### Records for the task
------------------------------------
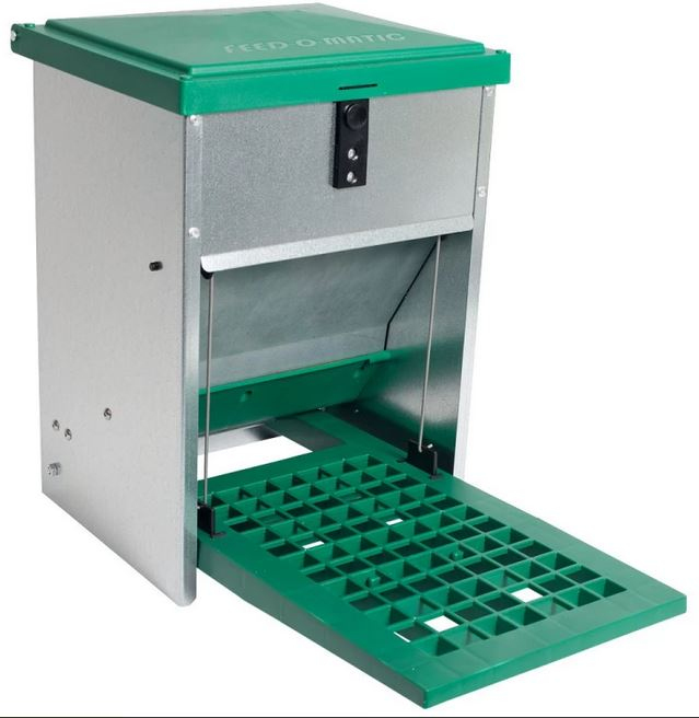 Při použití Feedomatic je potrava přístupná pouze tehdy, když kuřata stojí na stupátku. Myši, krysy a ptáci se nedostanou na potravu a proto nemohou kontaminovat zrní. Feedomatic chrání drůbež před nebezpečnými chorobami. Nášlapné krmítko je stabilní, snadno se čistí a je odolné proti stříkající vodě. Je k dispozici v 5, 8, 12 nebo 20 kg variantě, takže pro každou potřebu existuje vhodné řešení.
------------------------------------
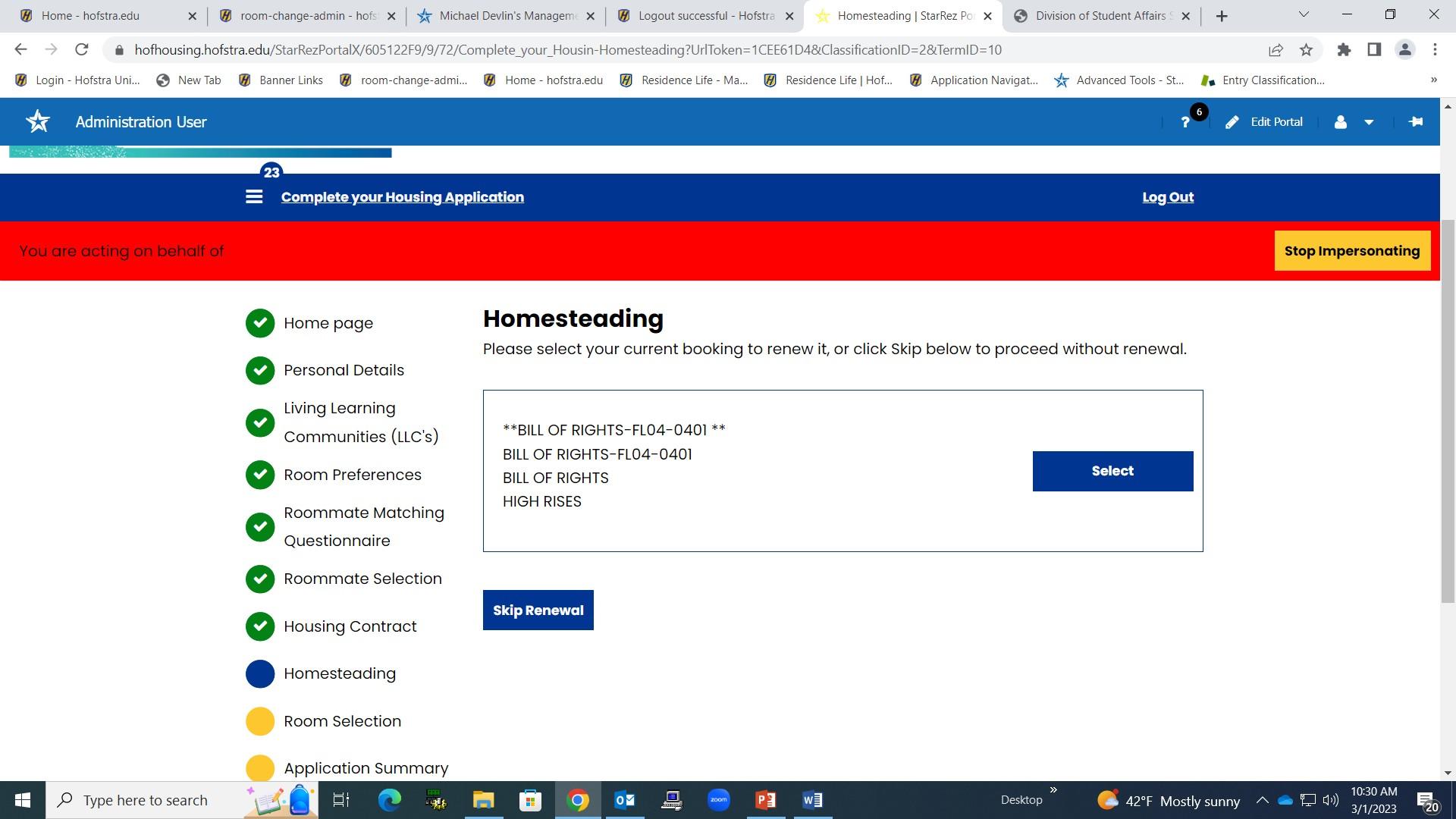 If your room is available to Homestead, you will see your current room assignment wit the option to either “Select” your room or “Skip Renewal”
------------------------------------
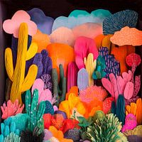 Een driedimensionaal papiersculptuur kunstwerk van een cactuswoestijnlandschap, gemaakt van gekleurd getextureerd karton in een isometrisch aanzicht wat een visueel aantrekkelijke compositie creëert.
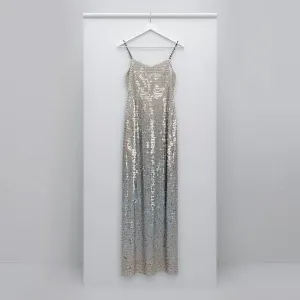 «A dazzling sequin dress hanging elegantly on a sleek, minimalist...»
------------------------------------
### Task brief
Transcribe the lines above exactly, beginning at the one with "Een driedimensionaal papiersculptuur" and ending at the one with "dazzling sequin dress". Include both; exclude the pictures.

### Written reply
 Een driedimensionaal papiersculptuur kunstwerk van een cactuswoestijnlandschap, gemaakt van gekleurd getextureerd karton in een isometrisch aanzicht wat een visueel aantrekkelijke compositie creëert.
 «A dazzling sequin dress hanging elegantly on a sleek, minimalist...»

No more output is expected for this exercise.